In North America, CFOs remain optimistic this quarter. But while 38 percent express rising optimism about their companies’ prospects, that figure is down sharply from last quarter’s 48 percent and is the lowest level in more than two years.
Moreover their growth expectations were down dramatically: revenue growth expectations, for example, fell to 3.1 percent from 5.4 percent last quarter and now sit at their historic survey low. Similarly, earnings growth expectations fell sharply to a survey-low 6.5 percent from last quarter’s 10.6 percent. CFOs see the outlook for the broader North American economy as quite good – only slightly below where it was last quarter and their assessments of Europe rebounded substantially.
Low interest rates and a weaker Australian dollar are fueling optimism among that country’s CFOs. In addition, the federal government’s policy-making has a neutral influence on optimism this quarter, whereas last quarter two-thirds of finance chiefs felt that the influence was negative.
In this environment, CFOs’ views on their own companies’ metrics for the coming year show a number of continuing positive signs, with 71 percent forecasting increased operating cash flows and 49 percent expecting increased capital expenditures.

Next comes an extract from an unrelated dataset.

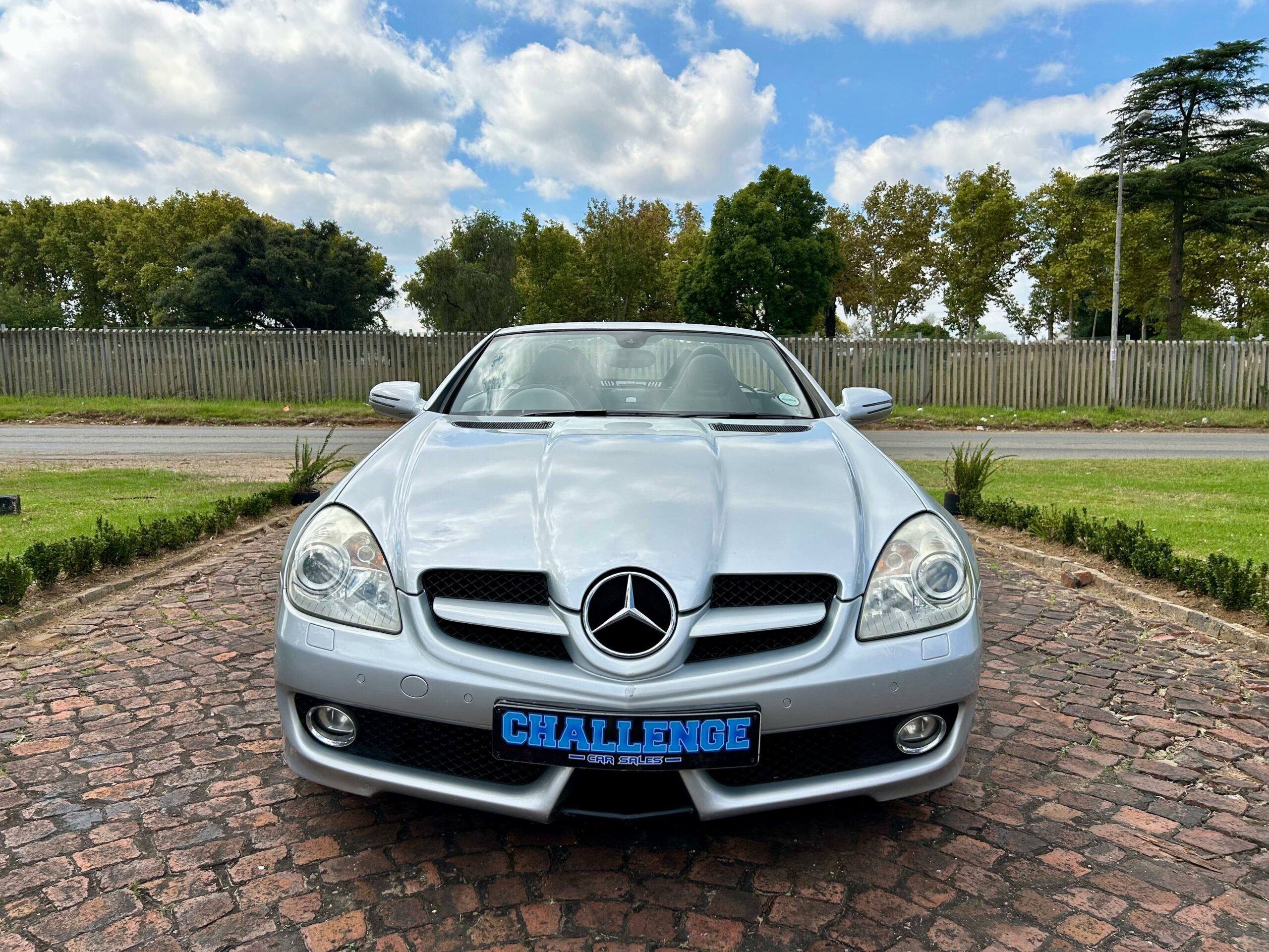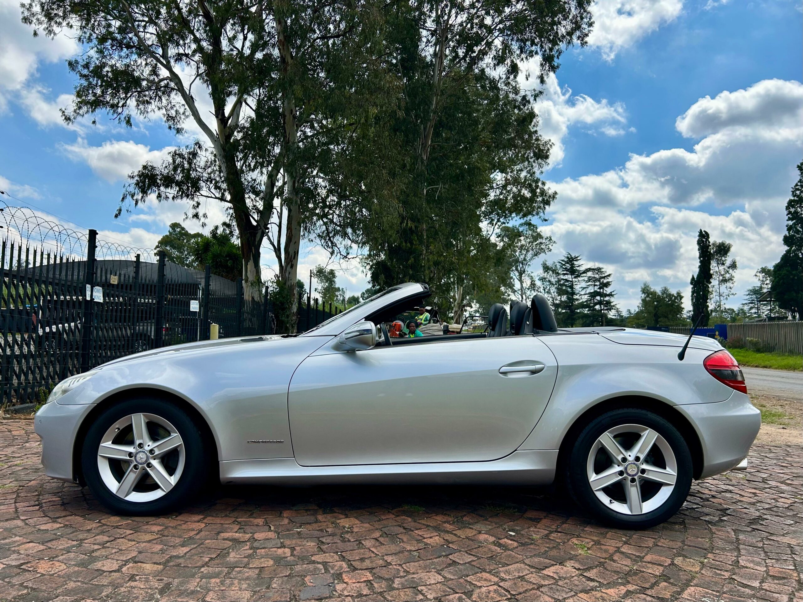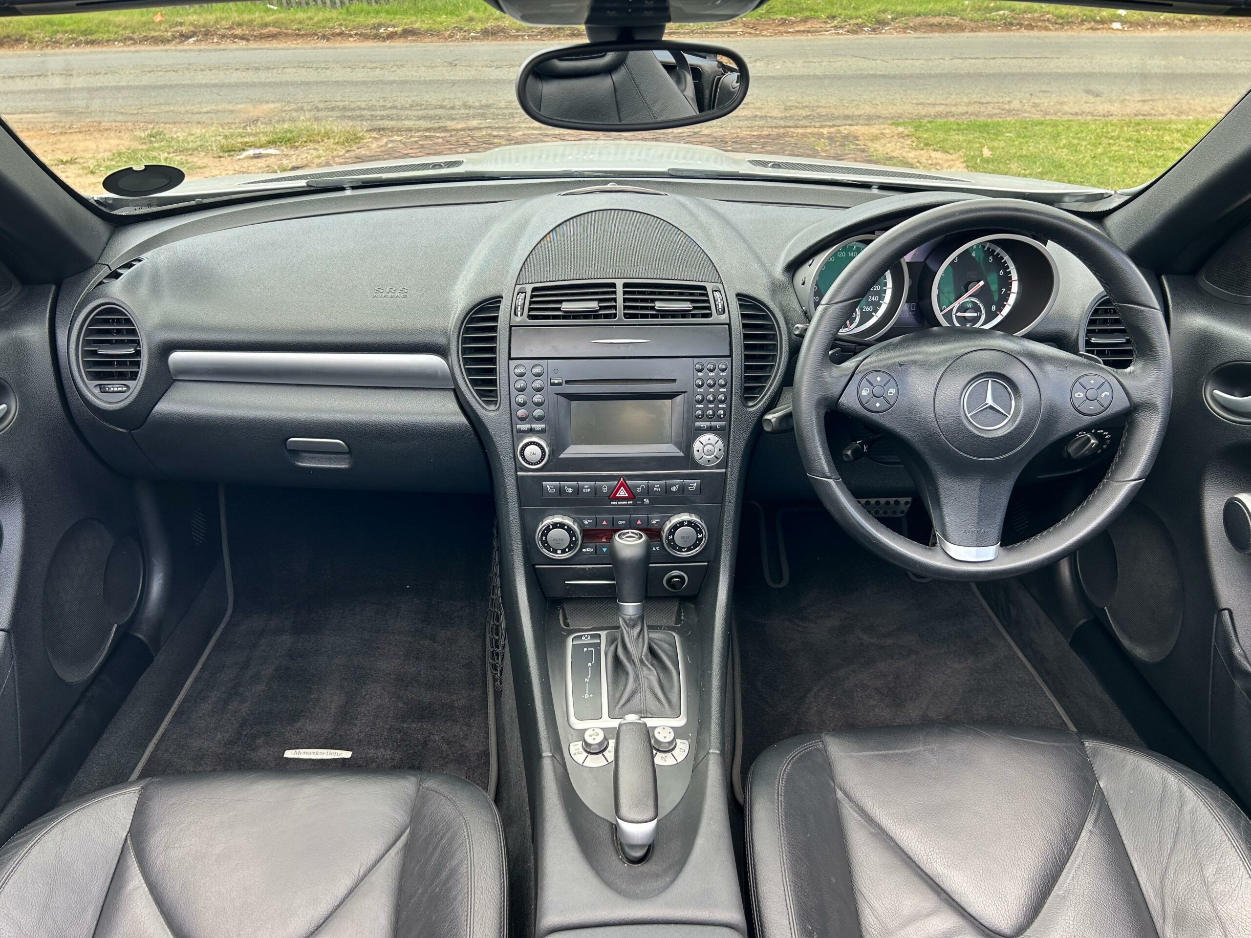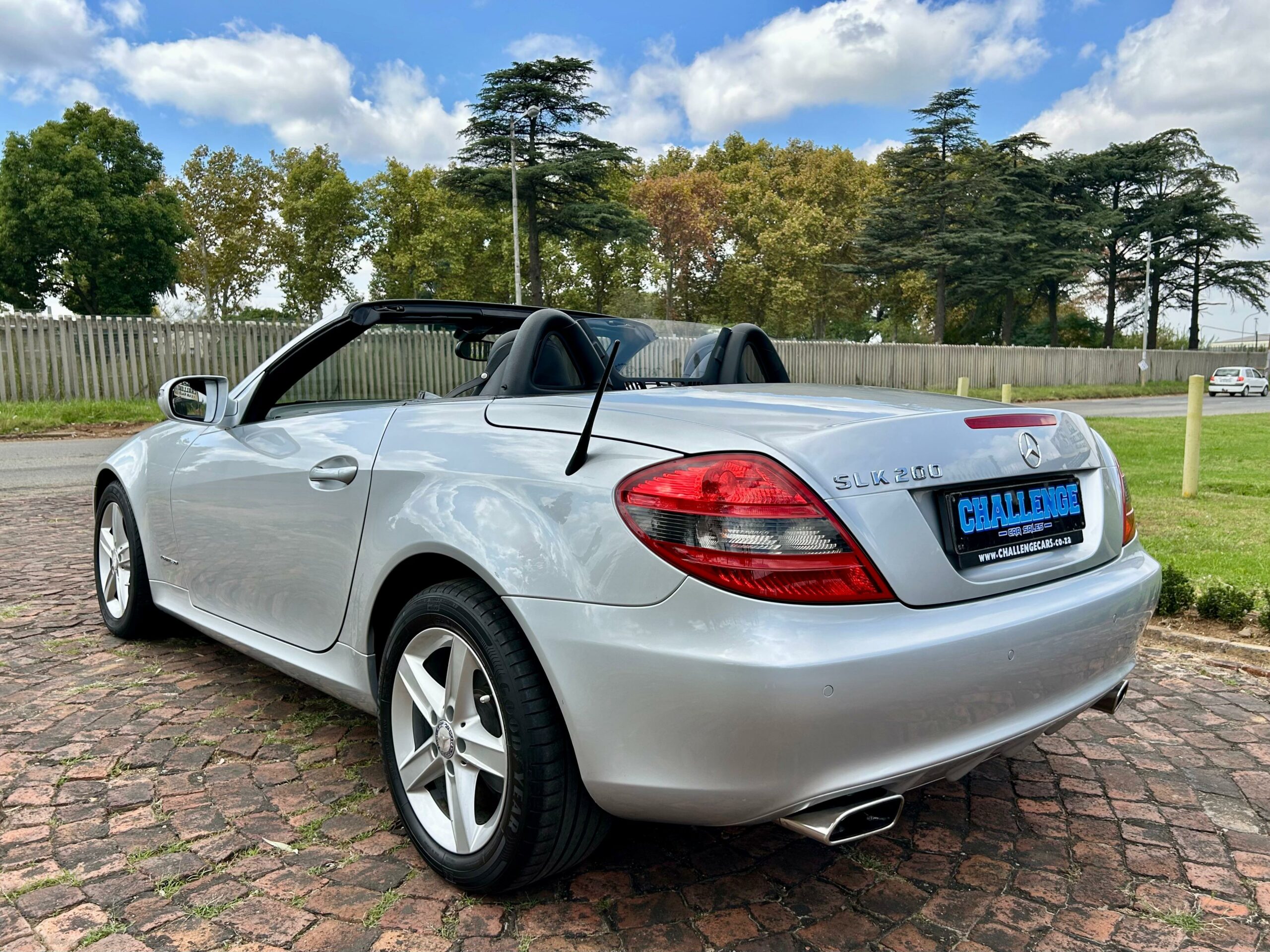 2008 Iridium Silver Mercedes-Benz SLK200 Kompressor. Loaded with ABS, airbags, aircon, electric windows, electric folding mirrors, black leather interior, heated headrests, electric heated seats, automatic xenon lights, fog lights, electric steering wheel adjustment, front and rear parking distance sensors, multi-functional power steering, paddle shift, cruise control, front loader radio with phone connectivity, central locking, service history and spare key.

Still, the rate of fiscal repair is seen as too slow among CFOs, even though the majority (58 percent) believes the government’s budget could have a positive impact on the economy.
CFO sentiment remains mixed across much of Europe. In the UK, for example, optimism is apparent in CFOs’ rebounding risk appetite: up to 59 percent from a two-year low of 51 percent last quarter. Moreover, CFOs’ strategies have turned markedly more expansionary, and expectations for hiring and capital expenditure have risen close to their highest levels in five years.
The positive sentiment is shared among Belgium’s CFOs, whose outlook is bolstered by the fact that halfway through the year, 37 percent of them report their companies have performed better than what was initially budgeted. Netherland’s CFOs, on the other hand, report a slightly less optimistic outlook, but their perception of uncertainty took a positive turn: 46 percent now rate it as above normal – compared with 89 percent two years ago.
Meanwhile, Switzerland’s finance chiefs remain gloomy as they continue to adapt to the removal of the currency floor in January. And only 17 percent of Austria’s CFOs are feeling confident about economic development in their own country, while just 14 percent report increased optimism toward their companies’ prospects.